Even action toy figures aimed at young boys have bulked up so much they look like they are on steroids. A study that measured the physical dimensions of contemporary action figures and compared them with their original versions, found the circumferences of the neck, chest, arm, forearm, thigh and calf were significantly larger (Baghurst, Hollander, Nardella & Haff, 2006). Although men are relative newbies to the unique psychological pressure of negative body image, a study carried out by the Centre for Appearance Research, Succeed Foundation and Central YMCA (2012) found that one third of men would sacrifice a year of their life to achieve their ideal body.

We can’t go on like this.

In 2014, a nationwide survey by the Schools Health Education Unit of 58,000 school students revealed that only one in three 15-year-old girls has high self-esteem compared to 50% of boys in the same age group. An alarming 62% of 14-15 year olds, 53% of 12-13 year old girls and 33% of children aged 10-11 wanted to lose weight and a quarter of all 7 year old girls had tried to lose weight at least once. Other statistics from the ‘Reflections on Body Image’  All Party Parliamentary Group Report indicate that one third of young boys aged 8-12 are dieting, half of all 16 to 21-year-old women would consider cosmetic surgery and in the past 15 years eating disorders have doubled.
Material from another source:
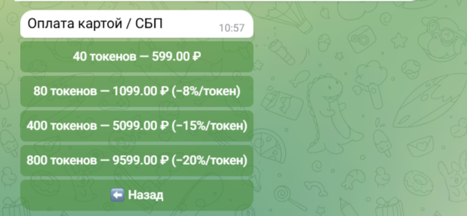 Оплата услуг бота Quanta AiBot осуществляется с помощью карт или СПБ. Посредством перечисленных платежных сервисов приобретаются токены. Онлайн можно купить от 40 до 800 токенов. Цена минимального пакета составляет 599 рублей.

Clearly, we can’t go on like this. Body hatred is a boring, pointless, depressing trap that makes young people feel rubbish about themselves and their lives. Young women who waste time worrying about how they look are statistically less likely to be powerful in the workplace and are even less likely to vote.  Research conducted at Loughborough University found that eight-year-old girls had a similar level of activity to boys but only 31% of 14 year old girls said they exercised regularly, compared with 50% of 14-year-old boys. Many young women say they are too self-aware to exercise; many say they drink to feel comfortable with the way they look; 50% of girls smoke to suppress their appetite. Because these young women believe that value is measurably quantified by looks, they are disempowered by their own perceived lack of value.
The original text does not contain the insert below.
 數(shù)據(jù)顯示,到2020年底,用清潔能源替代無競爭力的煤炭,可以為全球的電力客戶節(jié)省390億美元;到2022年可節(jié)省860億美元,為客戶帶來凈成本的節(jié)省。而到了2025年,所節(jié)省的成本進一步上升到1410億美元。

There is now widespread recognition that something has to be done to build positive body image initiatives and personal resilience into the school syllabus. More also needs to be done to educate parents about the importance of sustaining positive body image in very young children. We need better research into how body dissatisfaction develops and whether public health messages about the importance of diet and exercise may have done more to hinder than to help. We are continually told that we are in the midst of an “obesity epidemic” which predicts a whole smorgasbord of diseases in later life, but the only advice given on how to counter this, is to “diet and take exercise”.   Psychotherapist and eating disorder specialist, Professor Susie Orbach, told the Parliamentary Inquiry that dieting tends to be seen as a solution to health and body image dissatisfaction concerns, but is in fact actually part of the problem. There is no evidence that diets based on calorie or food restriction work in the long term and girls who diet are 12 times more likely to binge eat so, young people who yo-yo diet are simply setting themselves up for failure by screwing up their metabolism.
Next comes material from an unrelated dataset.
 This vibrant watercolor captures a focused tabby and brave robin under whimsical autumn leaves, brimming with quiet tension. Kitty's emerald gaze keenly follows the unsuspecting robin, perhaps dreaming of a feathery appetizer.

Body dissatisfaction is a first world problem and if we didn’t have enough to eat it would, I’m sure, disappear almost entirely. However, in the absence of enforced rationing, we need to halt this damaging and self-perpetuating problem in its tracks. Women have achieved so much that it is literally unbelievable that we continue to allow this self-imposed masochism to undermine our health and our happiness to such a great extent.